Double-murderer Edmund George Zagorski, 63, had been scheduled to die Thursday night at Riverbend Maximum Security Institution in Nashville, in an execution he wanted to happen by electrocution.

By David K. Li

The state of Tennessee denied a condemned man's desire to die in the electric chair, claiming he waited too long to make his macabre selection — but an appeals court late Wednesday stayed his execution on an appeal that argued ineffective counsel.

Double-murderer Edmund George Zagorski, 63, had been scheduled to die Thursday night at Riverbend Maximum Security Institution in Nashville, in an execution he wanted to happen by electrocution.

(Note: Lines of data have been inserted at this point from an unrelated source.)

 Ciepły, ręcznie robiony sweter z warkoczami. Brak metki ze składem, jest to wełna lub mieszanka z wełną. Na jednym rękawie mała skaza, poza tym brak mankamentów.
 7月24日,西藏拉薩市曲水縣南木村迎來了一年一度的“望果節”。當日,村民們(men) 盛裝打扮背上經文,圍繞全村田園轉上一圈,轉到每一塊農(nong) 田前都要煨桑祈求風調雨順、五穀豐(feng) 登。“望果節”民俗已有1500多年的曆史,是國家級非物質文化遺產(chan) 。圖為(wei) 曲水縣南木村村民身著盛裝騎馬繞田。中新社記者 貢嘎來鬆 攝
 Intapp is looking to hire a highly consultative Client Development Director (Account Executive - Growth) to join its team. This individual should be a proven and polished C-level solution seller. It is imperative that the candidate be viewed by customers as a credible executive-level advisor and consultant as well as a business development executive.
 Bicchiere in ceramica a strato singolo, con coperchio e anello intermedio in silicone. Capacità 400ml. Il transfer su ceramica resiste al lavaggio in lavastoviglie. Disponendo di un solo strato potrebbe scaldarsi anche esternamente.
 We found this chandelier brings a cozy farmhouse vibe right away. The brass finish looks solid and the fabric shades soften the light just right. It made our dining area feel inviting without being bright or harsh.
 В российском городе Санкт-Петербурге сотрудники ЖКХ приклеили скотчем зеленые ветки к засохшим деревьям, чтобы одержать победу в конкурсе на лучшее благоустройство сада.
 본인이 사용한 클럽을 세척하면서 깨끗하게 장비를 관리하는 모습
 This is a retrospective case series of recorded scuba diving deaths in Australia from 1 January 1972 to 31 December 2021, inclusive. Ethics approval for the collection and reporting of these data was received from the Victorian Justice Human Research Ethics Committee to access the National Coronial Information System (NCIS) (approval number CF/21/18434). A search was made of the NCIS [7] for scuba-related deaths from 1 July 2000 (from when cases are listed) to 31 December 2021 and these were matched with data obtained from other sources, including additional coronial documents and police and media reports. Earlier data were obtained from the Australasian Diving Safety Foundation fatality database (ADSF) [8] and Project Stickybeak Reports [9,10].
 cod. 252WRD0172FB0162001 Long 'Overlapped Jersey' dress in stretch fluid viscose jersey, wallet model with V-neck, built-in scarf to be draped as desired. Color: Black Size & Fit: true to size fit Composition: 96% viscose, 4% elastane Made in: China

The U.S. 6th Circuit Court of Appeals panel on Wednesday night granted a stay of execution sought by his attorneys, who argued that he had inadequate assistance of counsel during his original trial.

It was a split decision, with two judges acknowledging Zagorski "faces an uphill battle," but ruling that "at a minimum, due process requires that Zagorski be afforded an opportunity to present his appeal to us," and another judge dissenting.

Lethal injection is the primary form of execution in the Volunteer State, but inmates whose offenses happened before January 1999 may opt for the electric chair. Zagorski killed two 35-year-old men in a drug deal gone bad in 1983.